-- DATA PROVIDED follows --

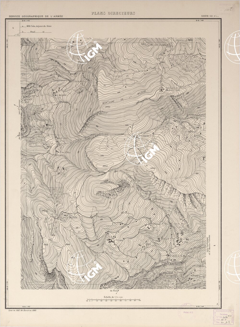 Paris. – Service Géographique de l'Arme 1914-1918. – Questi piani sono stati allestiti durante la guerra mondiale da i "Groupes de Canevas de Tir aux Armées". Su di essi venivano riportate le sistemazioni difensive amiche e nemiche e le varie opere militari. Nelle regioni in cui esistevano le carte alla scala 1:10.000, provenienti da rilievi diretti, queste costituivano la base dei plans directeurs, mentre altrove essi erano dedotti dai piani catastali al 10.000 inquadrati nelle reti dei puntio trigonometrici, introducendo per la rappresentazione dell'orografia le linee di livello ricavate dall'ingrandimento dei rilevamenti alla scala 1:40.000. Poichè con tale sistema non si aveva una esatta rappresentazione del terreno, a cura dei "Groupes de Canevas de Tir" fu provveduto, in molte zone, all'esecuzione dei rilievi regolari alla scala 1:10.000. Di tali piani esistono diverse edizioni con formato variabile: una edizione in nero con orografia rappresentata a curve di livello all'equidistanza di m.5 con quadrettatura chilometrica-sistema Lambert; altre edizioni: in nero con curve di livello in bistro, e policrome, sono senza quadrettatura.
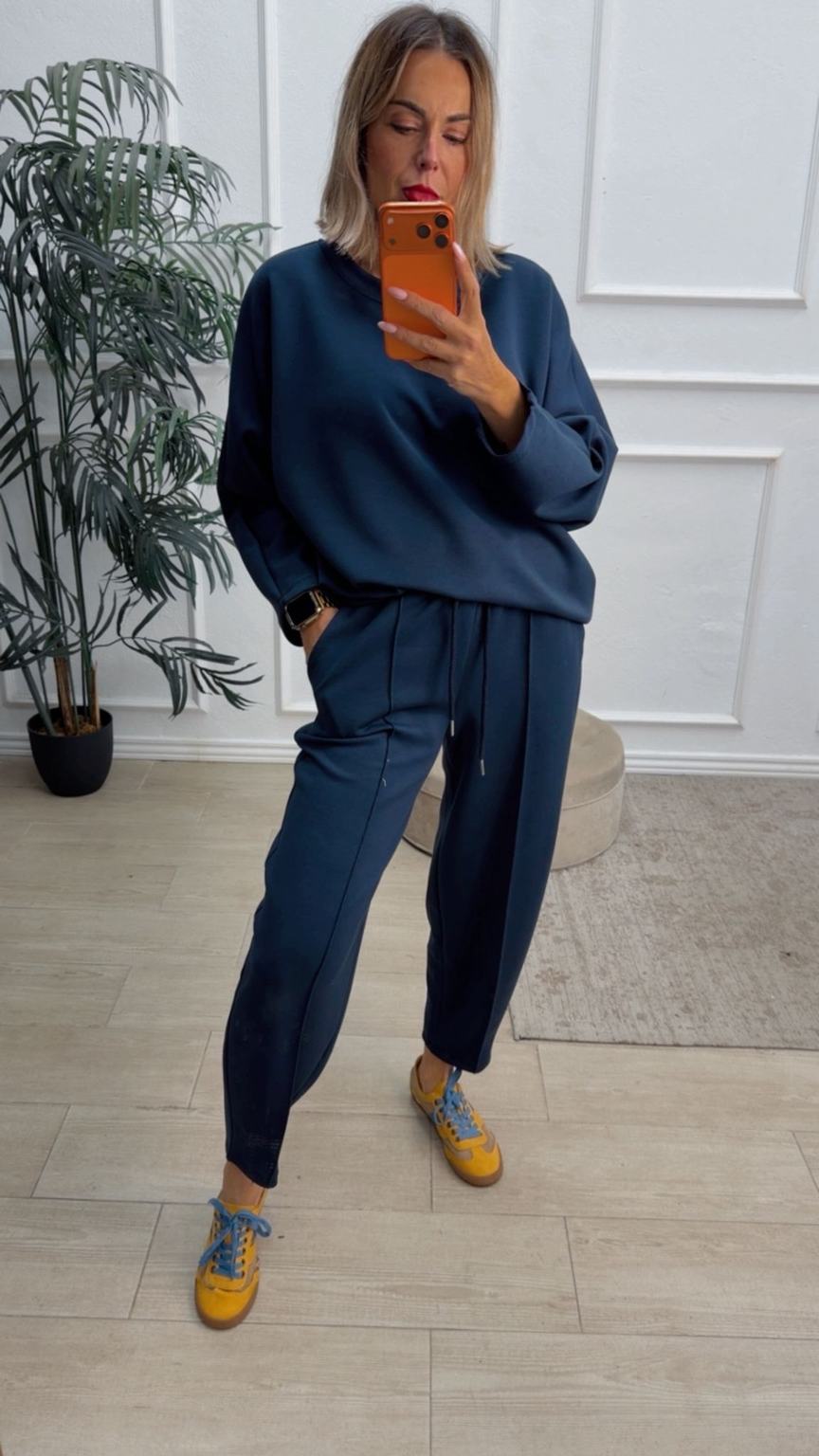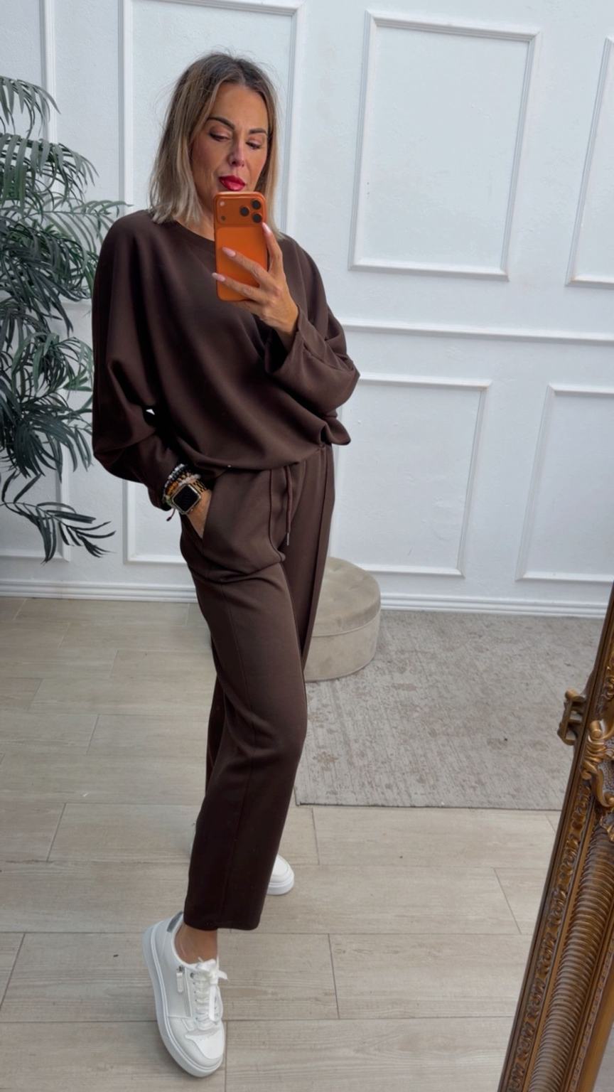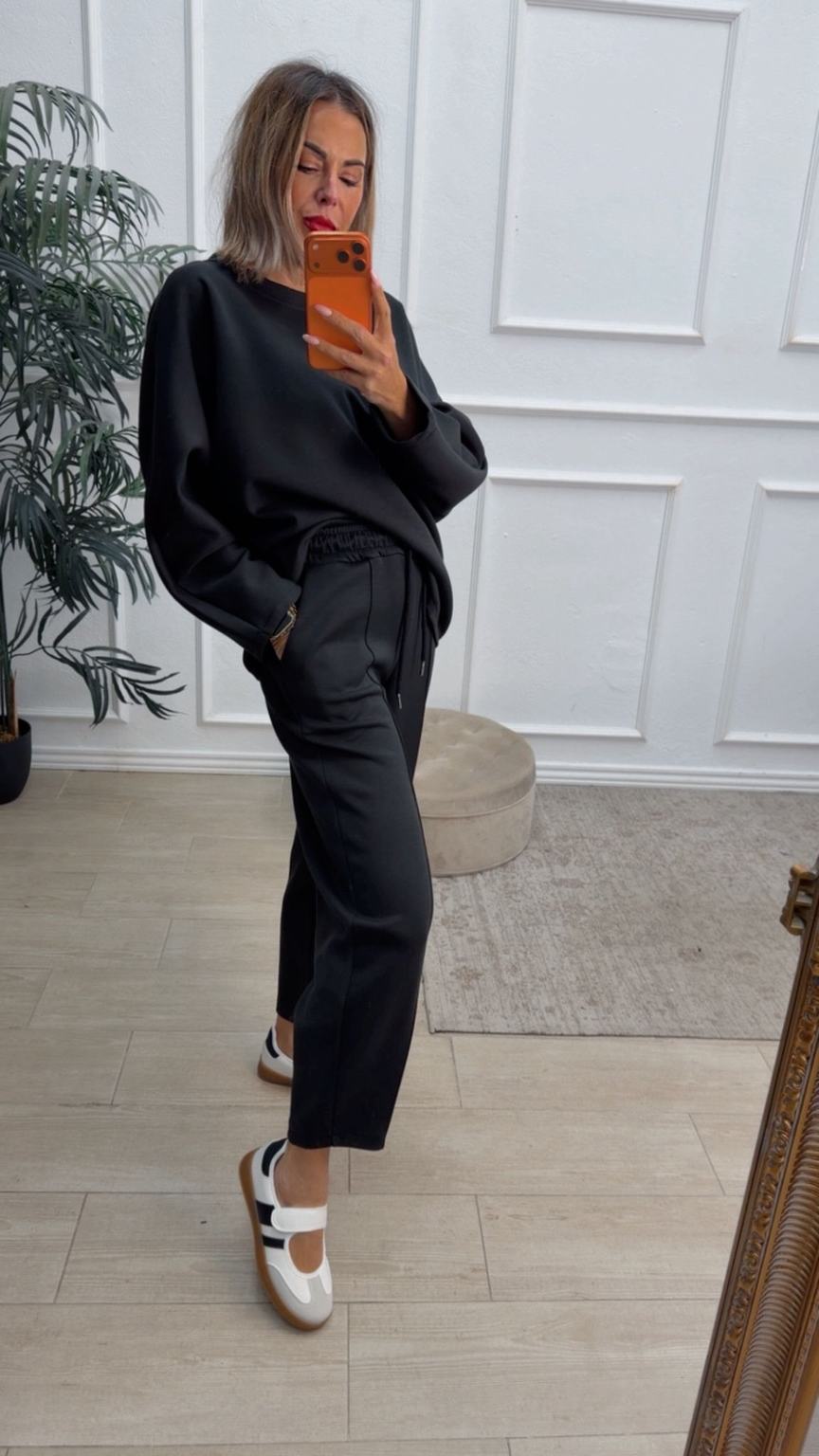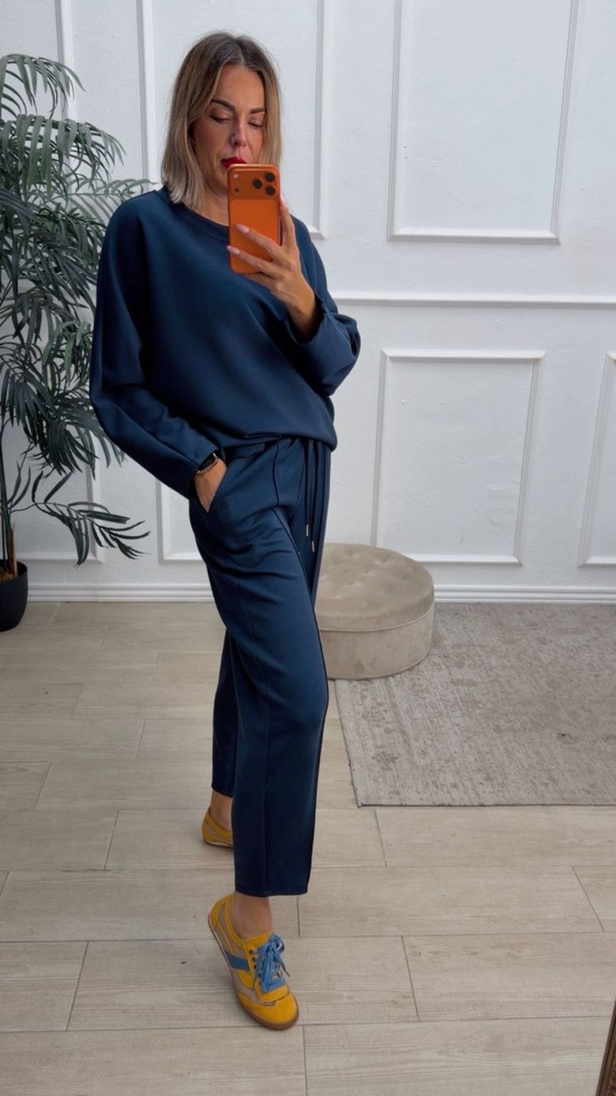 Conjunto deportivo de capa de aire, formado por sudadera oversize y pantalón tipo bomber. La sudadera tiene el escote redondo. El pantalón tiene cinturilla elástica con cordón para ajustar, bolsillos y una costura de adorno delante.
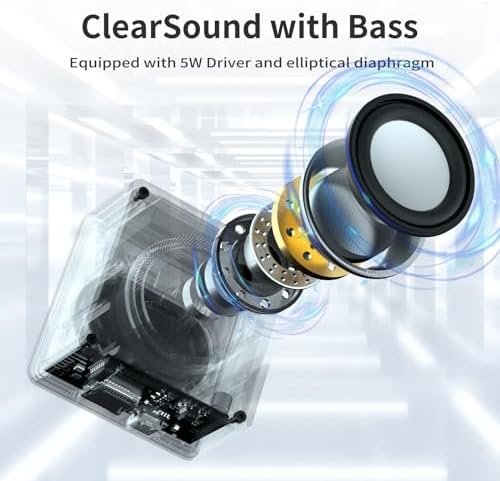 Brief and fashion Design:The small speaker is a good gift Choice for Birthday/Mothers’day/Fathers’day,Children’s Day and Christmas day.it is little and exquisite,features a stylish transparent body with loudspeaker in front, bass raditor in the back,and high-quality components inside of the portable speaker can be seen clearly, shedding elegant and pretty temperament.
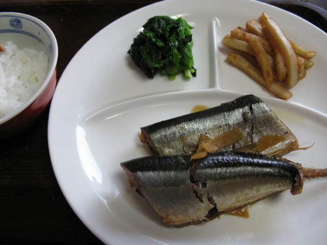 秋刀魚の煮付けは昨日の晩ごはんの残りですが、
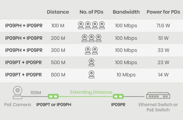 IP09PK is a point-to-point 800m (2,624ft) Long-Range PoE Extender that uses a single ethernet cable (CAT5e, CAT6, CAT7) to transmit PoE signals. IP09P supports IEEE 802.3 at, 802.3 af, 802.3 bt
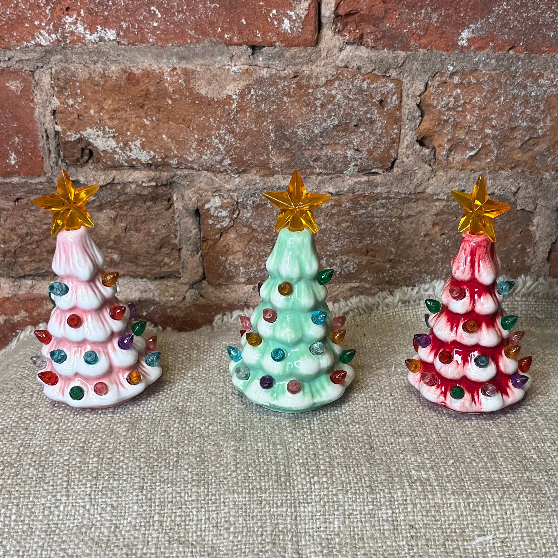 Brighten your space with this playful LED Retro Mini Tree, standing 4.75” tall and topped with a sparkling star. Choose from charming pink, vibrant red, or festive green to add a cheerful glow anywhere you like. Perfect for a quirky holiday vibe or year-round fun, this mini tree brings a pop of retro charm and lighthearted color to your décor.
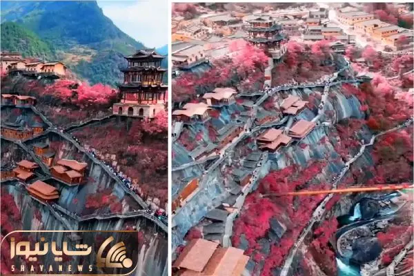 یکی از روستاهای کشور چین به صور طبقاتی و روی صخرهها ساخته شده است و سرتاسر آن را درختانی با برگهای صورتی فرا گرفته است.
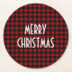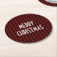 Rustic Red & Black Buffalo Plaid Merry Christmas Round Paper Coaster
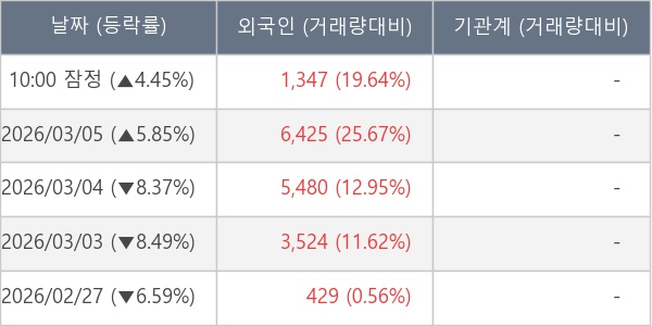 [표] 외국인ㆍ기관 순매매량 (단위 주)
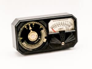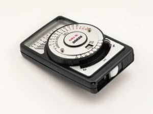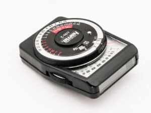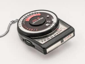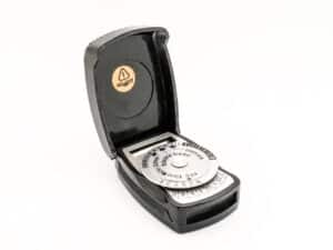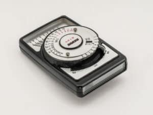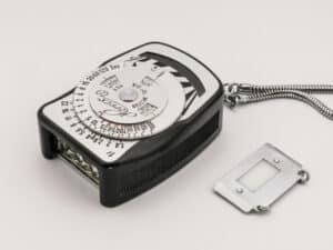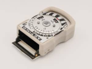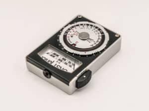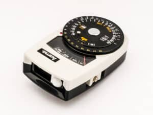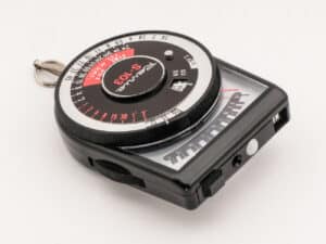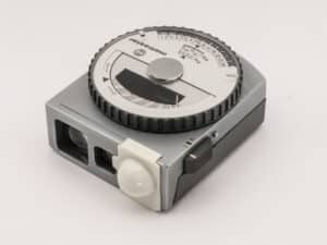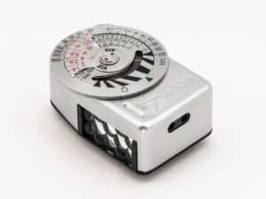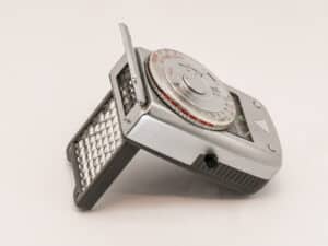 Belichtungsmesser mit Selen-Messzelle, produziert in Japan, vielleicht von Sekonic, Anfang 1960er Jahre. Mit einer vor den Lichteintritt schwenkbaren Mattscheibe ist er auch für Lichtmessung geeignet.

-- DATA PROVIDED concluded --

* YOUR GOAL:
A verbatim reproduction is expected: starting at the line above that has "秋刀魚の煮付けは昨日の晩ごはんの残りですが、", ending at the line that has "IP09PK is a", both included, and with no pictures and no other lines.

* EXERCISE SOLUTION:
 秋刀魚の煮付けは昨日の晩ごはんの残りですが、
 IP09PK is a point-to-point 800m (2,624ft) Long-Range PoE Extender that uses a single ethernet cable (CAT5e, CAT6, CAT7) to transmit PoE signals. IP09P supports IEEE 802.3 at, 802.3 af, 802.3 bt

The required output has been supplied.